Exercise requirements
Exactly the lines from the one containing "ASML, waar we" through the end of the listing below are required, restated word for word and without pictures.

··· Data ···

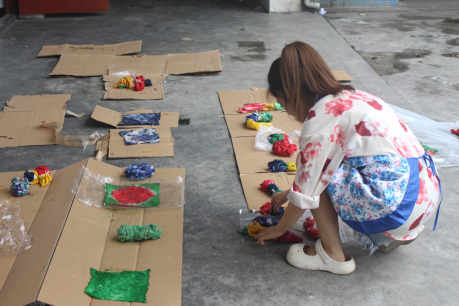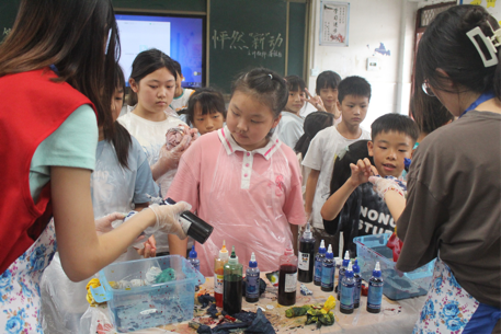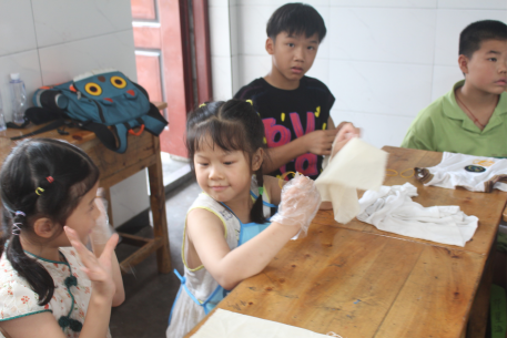 在正式扎染前,团队成员们先拿出了提前准备的方块白坯布,鼓励小朋友们先进行练习,在大家有了第一次实践经验之后,再让小朋友们将各自的衣物进行扎染。期间,团队成员们手把手的对小朋友展开教学,颜色的搭配,图文的装饰,制作的步骤等。小朋友们发挥想象,依据各自的喜好,一件件独一无二、别具一格的扎染服装新鲜出炉,也在大家欢声笑语中结束了当日的学习。
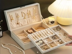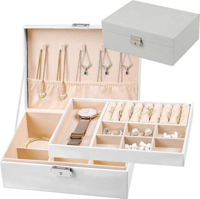 • Grote capaciteit – tot 16–24 ringen, haakjes voor kettingen, compartimenten met meerdere kamers.
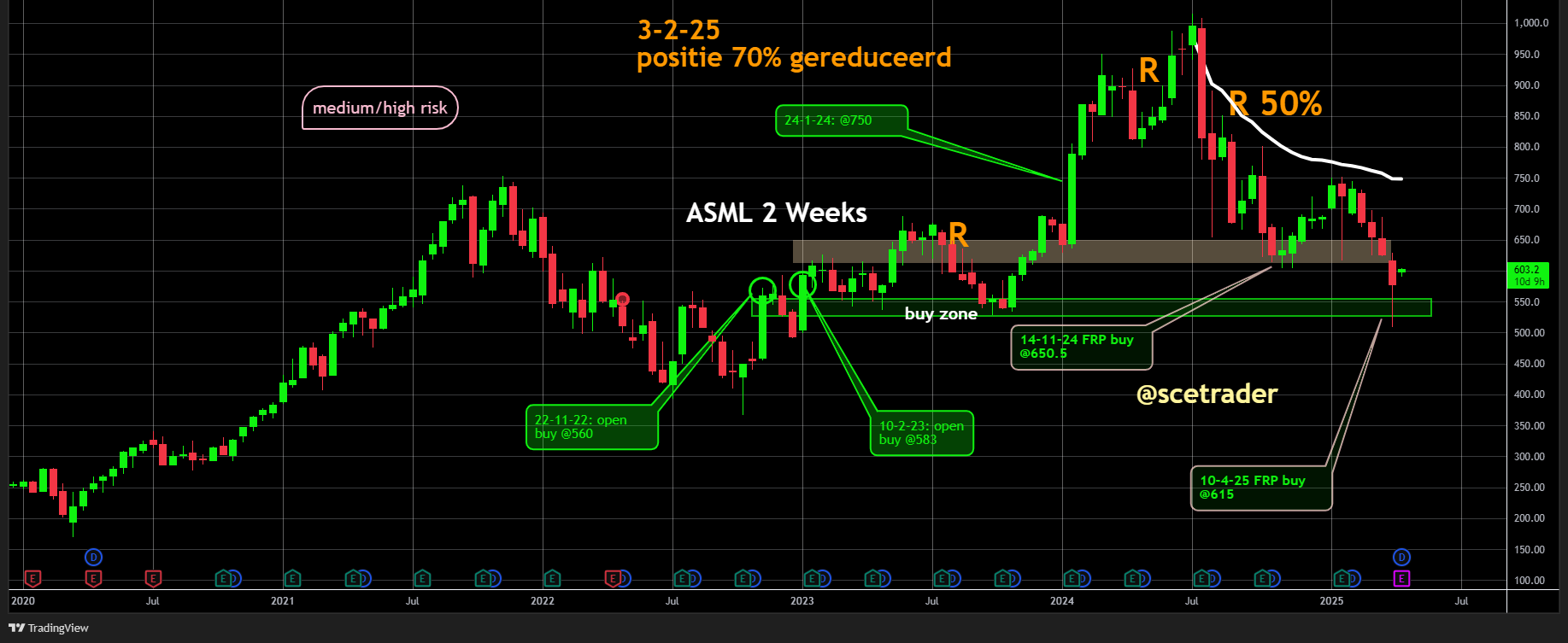ASML, waar we enkele dagen geleden alweer in zijn gestapt, stijgt eveneens met 2,5%. Zie ook de database. ASML blijft volgens ons onmisbaar in de wereldwijde halfgeleiderindustrie en bevindt zich nu in onze koopzone. Ook hier overwegen we om de positie verder uit te breiden.
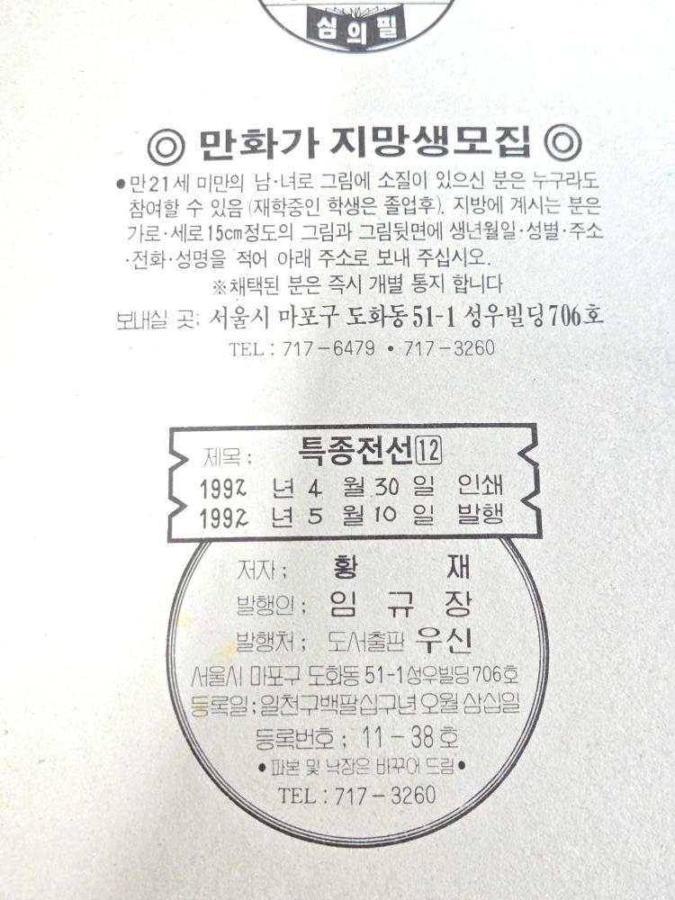 80-90만화방 ==청소년 만화 / 흑나비 프로 작품 == 황재 글.그림 = 특종전선== 12권 완질

···

Response for this exercise
ASML, waar we enkele dagen geleden alweer in zijn gestapt, stijgt eveneens met 2,5%. Zie ook de database. ASML blijft volgens ons onmisbaar in de wereldwijde halfgeleiderindustrie en bevindt zich nu in onze koopzone. Ook hier overwegen we om de positie verder uit te breiden.
 80-90만화방 ==청소년 만화 / 흑나비 프로 작품 == 황재 글.그림 = 특종전선== 12권 완질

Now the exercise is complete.